[Your instructions] Give exactly the lines from the one that contains "Denim zvonáče, pas" through the end of the entries below, both included; the pictures stay out.
━━━━━━━━
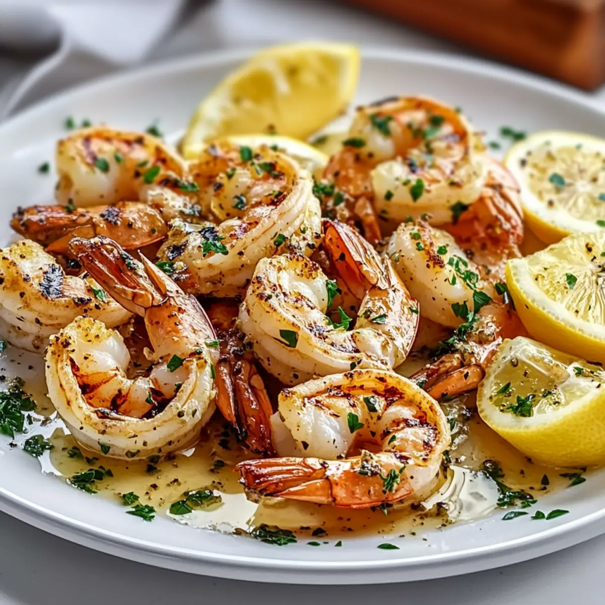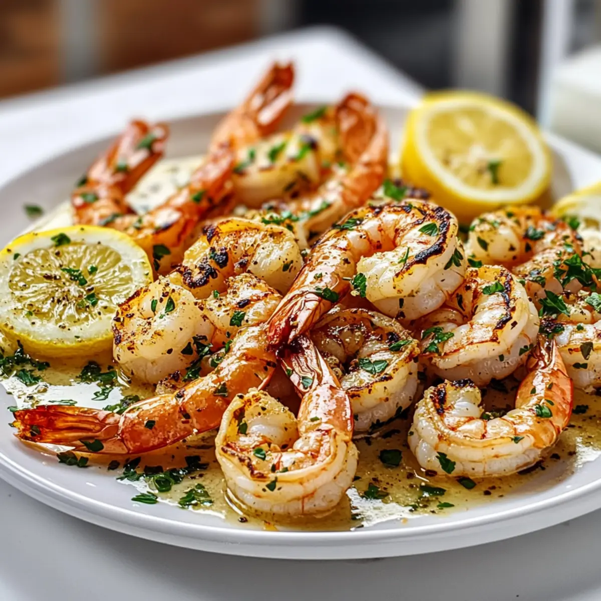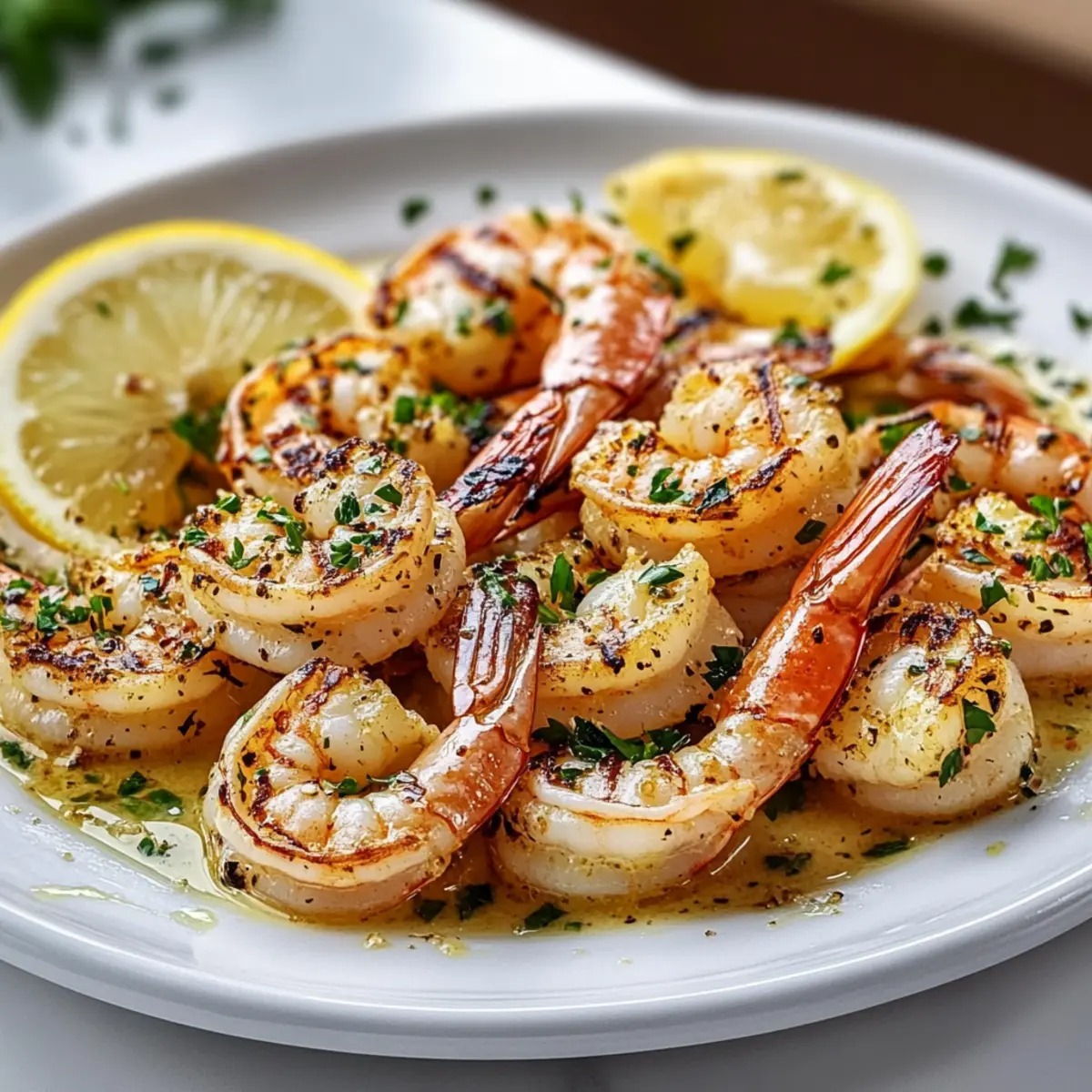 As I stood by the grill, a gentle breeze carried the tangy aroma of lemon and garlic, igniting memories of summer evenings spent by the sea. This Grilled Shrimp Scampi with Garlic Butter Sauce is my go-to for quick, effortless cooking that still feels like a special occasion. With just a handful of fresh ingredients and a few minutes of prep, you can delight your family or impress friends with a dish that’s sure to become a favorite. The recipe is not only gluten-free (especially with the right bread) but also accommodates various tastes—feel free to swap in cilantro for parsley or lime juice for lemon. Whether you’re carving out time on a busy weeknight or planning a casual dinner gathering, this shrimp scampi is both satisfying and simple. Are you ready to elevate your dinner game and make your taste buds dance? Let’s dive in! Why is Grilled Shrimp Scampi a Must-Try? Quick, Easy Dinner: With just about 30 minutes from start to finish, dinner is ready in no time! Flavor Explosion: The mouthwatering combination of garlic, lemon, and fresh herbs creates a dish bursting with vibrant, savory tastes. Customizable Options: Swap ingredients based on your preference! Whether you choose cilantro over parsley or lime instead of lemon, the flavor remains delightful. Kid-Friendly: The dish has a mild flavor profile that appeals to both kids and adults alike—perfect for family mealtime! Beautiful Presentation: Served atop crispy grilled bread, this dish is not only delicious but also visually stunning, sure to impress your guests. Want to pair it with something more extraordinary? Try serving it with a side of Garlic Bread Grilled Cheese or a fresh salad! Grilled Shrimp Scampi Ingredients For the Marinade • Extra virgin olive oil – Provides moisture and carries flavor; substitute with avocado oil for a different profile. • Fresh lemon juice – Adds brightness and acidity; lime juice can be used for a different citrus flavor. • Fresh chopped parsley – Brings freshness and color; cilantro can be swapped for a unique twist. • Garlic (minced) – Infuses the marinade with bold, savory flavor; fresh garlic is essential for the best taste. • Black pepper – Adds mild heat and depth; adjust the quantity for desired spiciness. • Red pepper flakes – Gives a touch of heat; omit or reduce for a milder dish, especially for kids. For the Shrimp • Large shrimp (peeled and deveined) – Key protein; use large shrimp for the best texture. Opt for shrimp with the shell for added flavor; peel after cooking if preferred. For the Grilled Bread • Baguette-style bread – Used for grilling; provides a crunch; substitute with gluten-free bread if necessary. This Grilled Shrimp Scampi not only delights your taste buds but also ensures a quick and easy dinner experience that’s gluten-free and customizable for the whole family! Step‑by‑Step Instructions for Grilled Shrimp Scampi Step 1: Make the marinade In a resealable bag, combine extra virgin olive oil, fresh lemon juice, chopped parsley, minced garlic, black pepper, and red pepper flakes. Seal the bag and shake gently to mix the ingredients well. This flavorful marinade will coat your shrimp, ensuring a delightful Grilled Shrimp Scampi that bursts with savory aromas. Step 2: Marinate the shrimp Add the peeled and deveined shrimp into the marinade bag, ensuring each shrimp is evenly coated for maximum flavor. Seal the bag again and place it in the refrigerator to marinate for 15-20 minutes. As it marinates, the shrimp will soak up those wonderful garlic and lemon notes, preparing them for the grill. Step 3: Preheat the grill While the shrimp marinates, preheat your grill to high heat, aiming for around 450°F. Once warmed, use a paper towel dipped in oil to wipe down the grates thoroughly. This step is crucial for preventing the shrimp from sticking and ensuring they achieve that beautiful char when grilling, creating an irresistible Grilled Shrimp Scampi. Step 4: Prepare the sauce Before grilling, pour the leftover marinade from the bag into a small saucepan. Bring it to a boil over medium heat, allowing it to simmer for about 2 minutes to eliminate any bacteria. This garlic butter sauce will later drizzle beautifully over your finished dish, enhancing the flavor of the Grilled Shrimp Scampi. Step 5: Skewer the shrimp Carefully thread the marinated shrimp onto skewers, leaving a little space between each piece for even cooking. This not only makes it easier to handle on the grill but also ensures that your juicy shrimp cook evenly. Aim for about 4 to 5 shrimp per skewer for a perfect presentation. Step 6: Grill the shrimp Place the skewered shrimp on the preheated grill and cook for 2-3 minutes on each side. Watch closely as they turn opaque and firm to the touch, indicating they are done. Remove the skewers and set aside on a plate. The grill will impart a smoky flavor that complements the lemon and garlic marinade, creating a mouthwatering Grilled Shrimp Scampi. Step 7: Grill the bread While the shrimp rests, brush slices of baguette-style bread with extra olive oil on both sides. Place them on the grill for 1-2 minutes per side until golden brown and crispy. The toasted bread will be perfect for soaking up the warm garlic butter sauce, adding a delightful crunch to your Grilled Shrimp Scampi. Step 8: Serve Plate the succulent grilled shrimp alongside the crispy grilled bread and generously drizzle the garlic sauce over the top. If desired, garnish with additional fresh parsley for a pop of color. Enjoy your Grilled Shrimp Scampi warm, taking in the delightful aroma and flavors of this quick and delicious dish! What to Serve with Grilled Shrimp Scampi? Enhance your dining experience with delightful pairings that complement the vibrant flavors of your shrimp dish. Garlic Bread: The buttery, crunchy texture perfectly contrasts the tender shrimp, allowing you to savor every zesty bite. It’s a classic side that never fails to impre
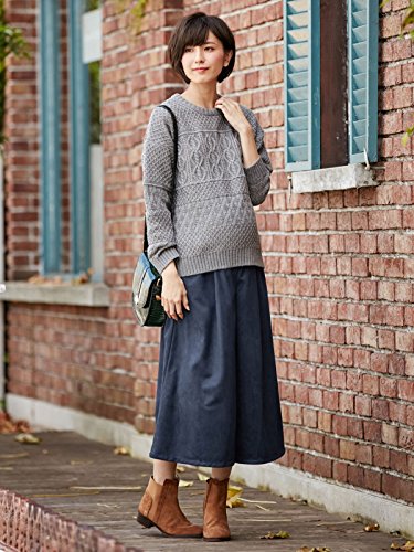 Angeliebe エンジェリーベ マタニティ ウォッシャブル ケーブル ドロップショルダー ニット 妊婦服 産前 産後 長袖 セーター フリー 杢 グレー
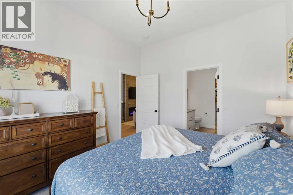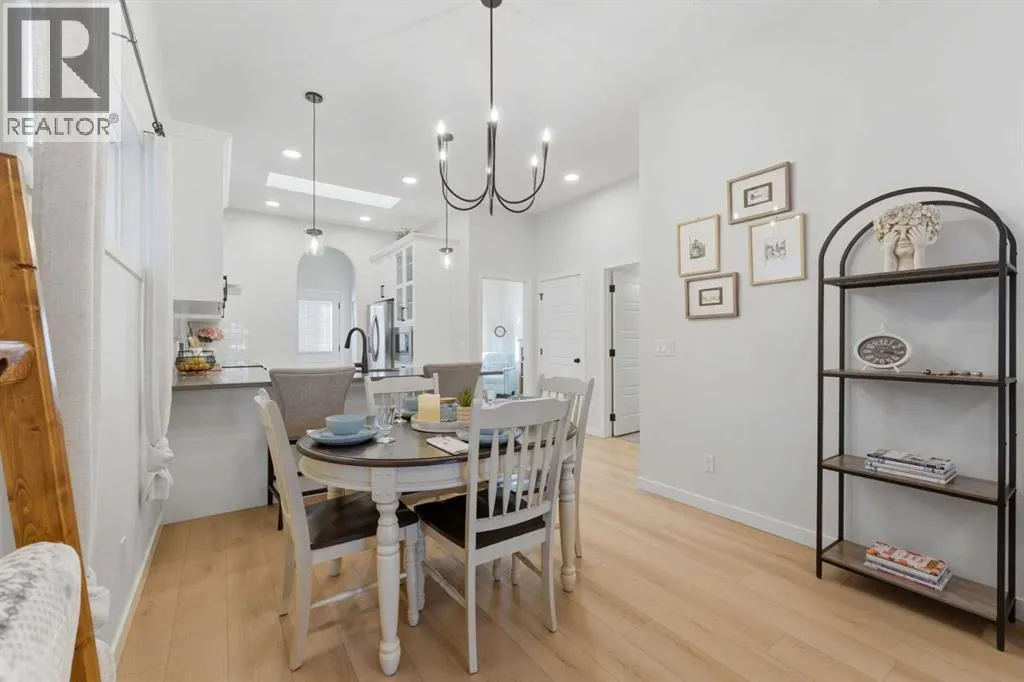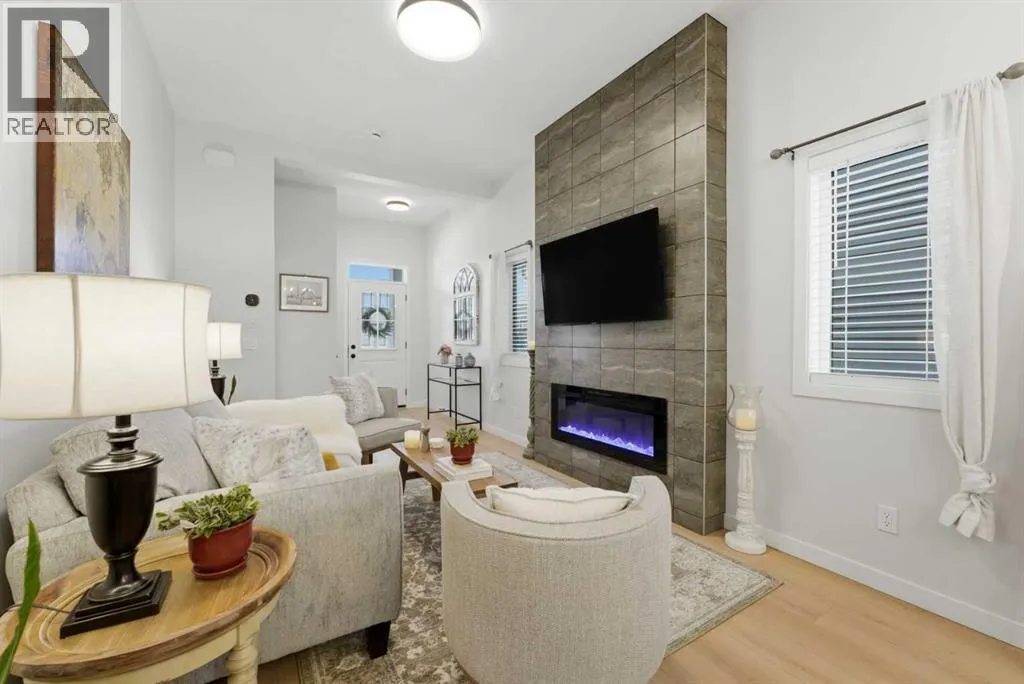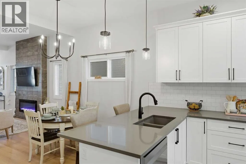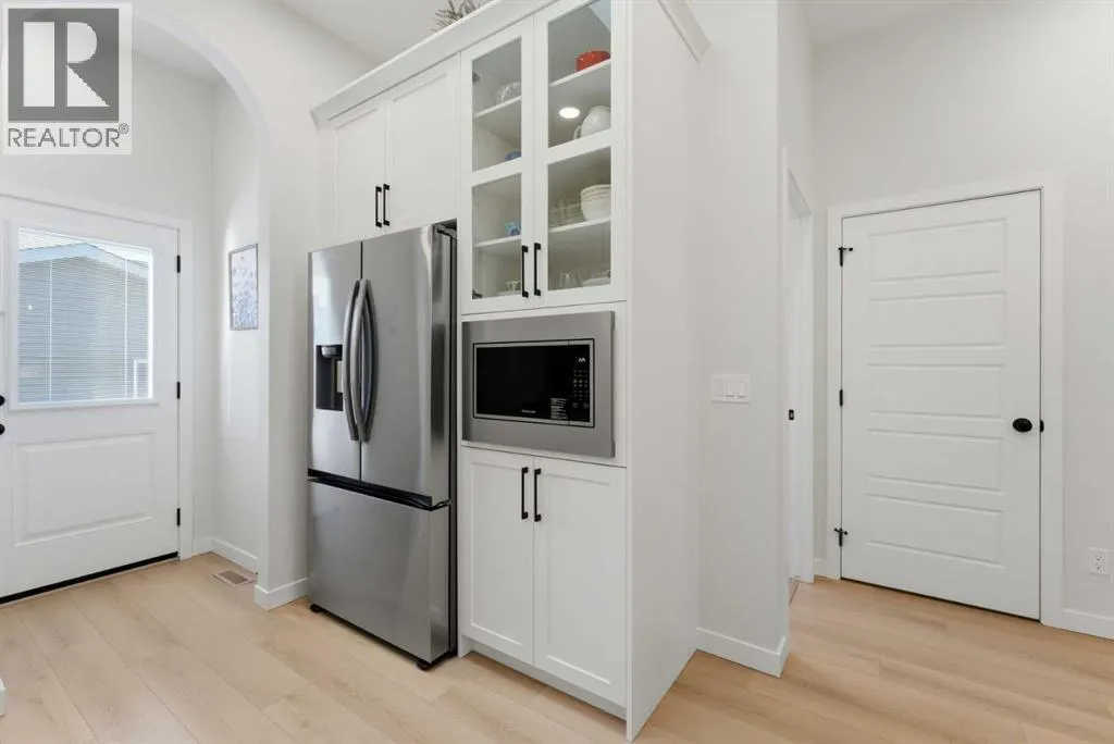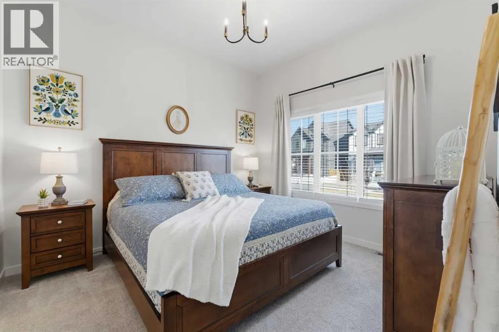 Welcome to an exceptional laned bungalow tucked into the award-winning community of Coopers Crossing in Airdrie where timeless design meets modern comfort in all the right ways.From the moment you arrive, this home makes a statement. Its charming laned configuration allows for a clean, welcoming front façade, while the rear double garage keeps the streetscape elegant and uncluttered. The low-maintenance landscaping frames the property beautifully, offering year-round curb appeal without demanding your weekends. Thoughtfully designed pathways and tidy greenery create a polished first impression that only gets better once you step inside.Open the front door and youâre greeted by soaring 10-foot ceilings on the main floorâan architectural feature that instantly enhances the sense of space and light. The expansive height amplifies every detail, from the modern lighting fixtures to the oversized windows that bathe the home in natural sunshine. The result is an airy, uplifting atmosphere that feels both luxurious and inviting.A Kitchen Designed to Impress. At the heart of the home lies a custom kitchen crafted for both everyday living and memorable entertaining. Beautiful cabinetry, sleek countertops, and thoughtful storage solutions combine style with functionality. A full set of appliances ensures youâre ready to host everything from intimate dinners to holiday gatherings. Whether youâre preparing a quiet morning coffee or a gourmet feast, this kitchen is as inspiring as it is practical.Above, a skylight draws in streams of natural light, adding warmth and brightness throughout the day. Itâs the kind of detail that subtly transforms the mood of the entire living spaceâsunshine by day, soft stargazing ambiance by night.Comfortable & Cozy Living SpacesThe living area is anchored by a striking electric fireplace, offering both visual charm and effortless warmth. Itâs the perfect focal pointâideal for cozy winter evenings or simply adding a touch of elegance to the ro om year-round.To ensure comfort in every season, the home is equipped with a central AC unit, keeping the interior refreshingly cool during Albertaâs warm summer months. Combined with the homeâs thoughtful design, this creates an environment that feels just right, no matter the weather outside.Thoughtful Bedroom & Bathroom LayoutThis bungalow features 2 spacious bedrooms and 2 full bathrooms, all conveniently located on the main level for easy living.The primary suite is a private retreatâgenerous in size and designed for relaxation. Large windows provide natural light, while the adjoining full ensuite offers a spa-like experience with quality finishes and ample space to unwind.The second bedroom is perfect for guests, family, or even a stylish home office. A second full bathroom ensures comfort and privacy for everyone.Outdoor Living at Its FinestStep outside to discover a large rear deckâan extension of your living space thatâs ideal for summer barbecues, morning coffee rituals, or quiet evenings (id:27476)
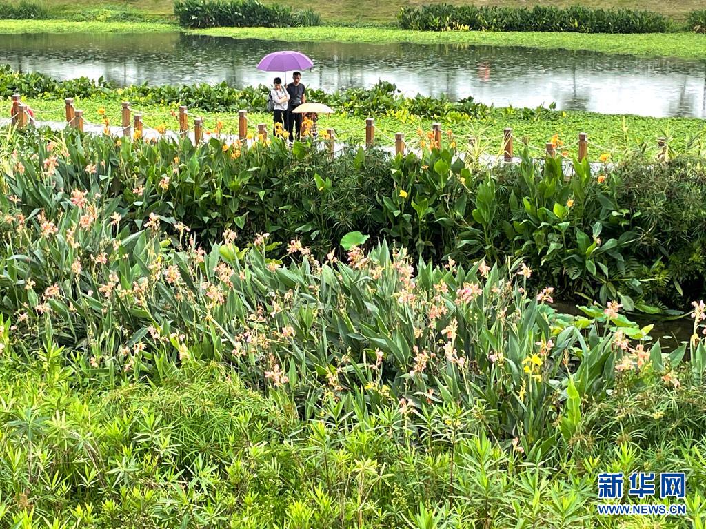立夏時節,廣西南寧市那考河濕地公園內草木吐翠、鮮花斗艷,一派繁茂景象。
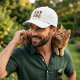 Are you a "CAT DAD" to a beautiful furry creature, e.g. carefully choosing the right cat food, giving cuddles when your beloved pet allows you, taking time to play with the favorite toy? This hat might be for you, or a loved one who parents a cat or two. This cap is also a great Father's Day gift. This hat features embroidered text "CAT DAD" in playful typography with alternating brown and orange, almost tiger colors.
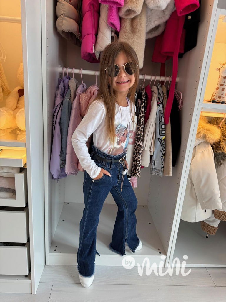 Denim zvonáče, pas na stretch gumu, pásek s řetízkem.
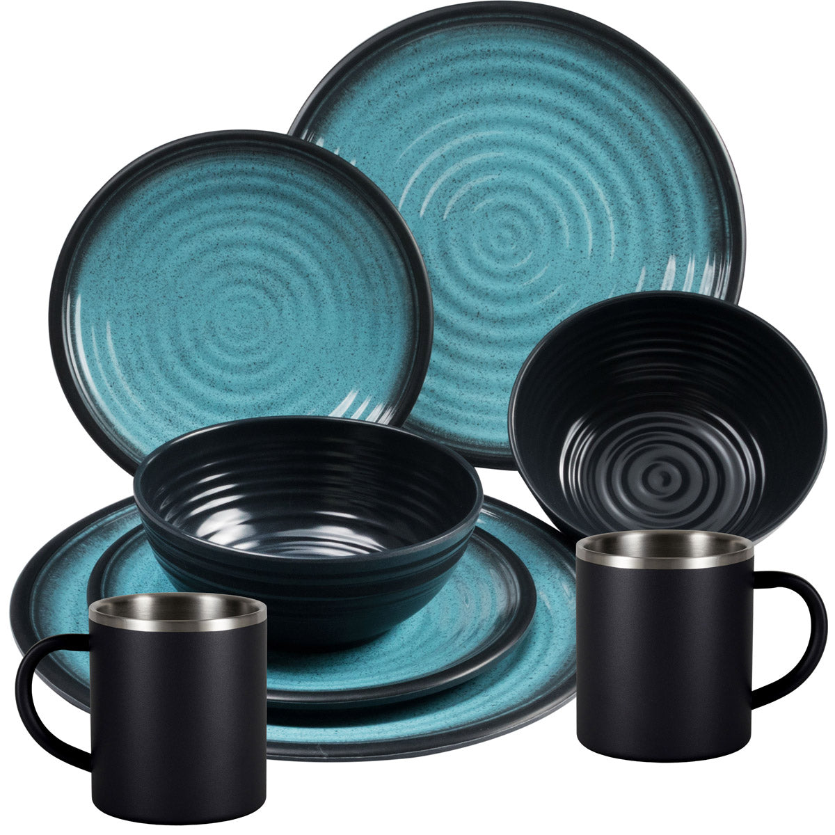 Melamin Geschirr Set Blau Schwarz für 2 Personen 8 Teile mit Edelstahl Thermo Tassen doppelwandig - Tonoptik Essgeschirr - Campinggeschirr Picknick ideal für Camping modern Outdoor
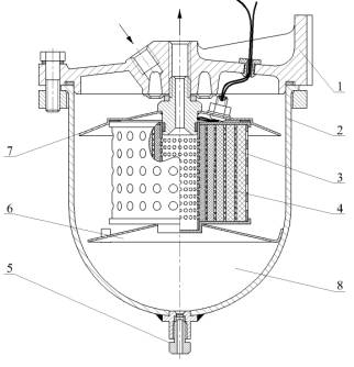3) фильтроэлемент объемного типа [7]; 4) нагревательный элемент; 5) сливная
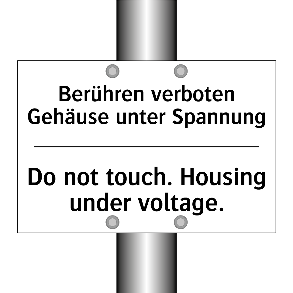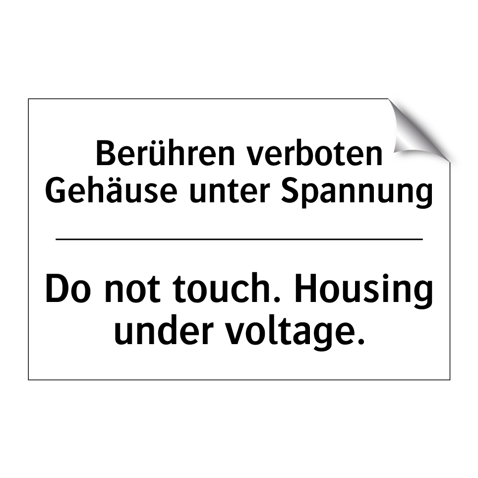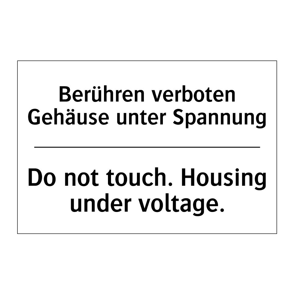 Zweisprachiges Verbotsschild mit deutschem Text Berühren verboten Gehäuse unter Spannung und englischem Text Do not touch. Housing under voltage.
━━━━━━━━
[Written solution]
 Denim zvonáče, pas na stretch gumu, pásek s řetízkem.
 Melamin Geschirr Set Blau Schwarz für 2 Personen 8 Teile mit Edelstahl Thermo Tassen doppelwandig - Tonoptik Essgeschirr - Campinggeschirr Picknick ideal für Camping modern Outdoor
3) фильтроэлемент объемного типа [7]; 4) нагревательный элемент; 5) сливная
 Zweisprachiges Verbotsschild mit deutschem Text Berühren verboten Gehäuse unter Spannung und englischem Text Do not touch. Housing under voltage.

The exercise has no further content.